AIM OF THE TASK: Please, without any pictures, set down exactly the part of the listing below that opens with the line containing "2022级学生黄梦涵为园区咖" and closes with the line containing "17、再次进Win系统的时候".

[Opening RECORDS PROVIDED section]

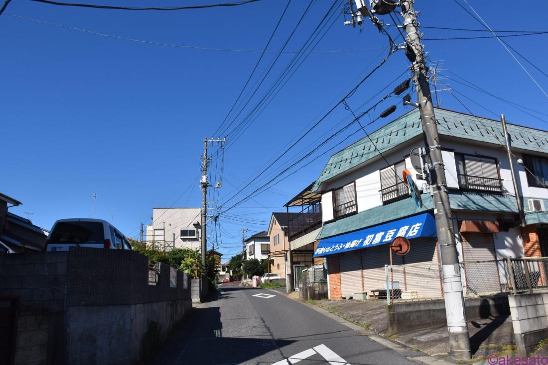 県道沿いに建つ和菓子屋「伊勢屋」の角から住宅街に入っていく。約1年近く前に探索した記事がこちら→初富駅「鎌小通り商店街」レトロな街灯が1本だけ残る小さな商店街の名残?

[Closing RECORDS PROVIDED section]
[Opening RECORDS PROVIDED section]

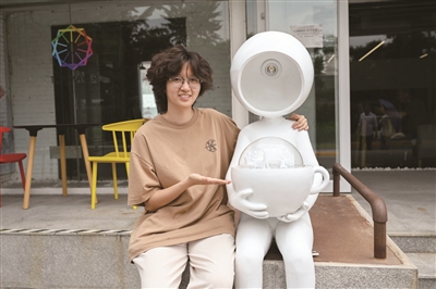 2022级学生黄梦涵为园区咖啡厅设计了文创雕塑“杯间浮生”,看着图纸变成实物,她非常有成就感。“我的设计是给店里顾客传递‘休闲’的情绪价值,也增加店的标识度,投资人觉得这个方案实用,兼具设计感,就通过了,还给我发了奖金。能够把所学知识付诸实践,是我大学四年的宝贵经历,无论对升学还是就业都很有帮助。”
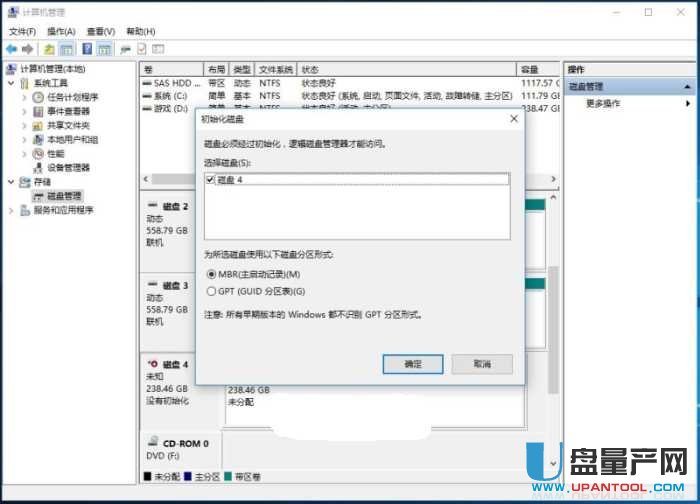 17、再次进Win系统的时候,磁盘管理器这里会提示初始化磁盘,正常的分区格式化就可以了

[Closing RECORDS PROVIDED section]
[Opening RECORDS PROVIDED section]

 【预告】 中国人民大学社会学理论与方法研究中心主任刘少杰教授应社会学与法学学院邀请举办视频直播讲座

[Closing RECORDS PROVIDED section]

RESPONSE BOX:
 2022级学生黄梦涵为园区咖啡厅设计了文创雕塑“杯间浮生”,看着图纸变成实物,她非常有成就感。“我的设计是给店里顾客传递‘休闲’的情绪价值,也增加店的标识度,投资人觉得这个方案实用,兼具设计感,就通过了,还给我发了奖金。能够把所学知识付诸实践,是我大学四年的宝贵经历,无论对升学还是就业都很有帮助。”
 17、再次进Win系统的时候,磁盘管理器这里会提示初始化磁盘,正常的分区格式化就可以了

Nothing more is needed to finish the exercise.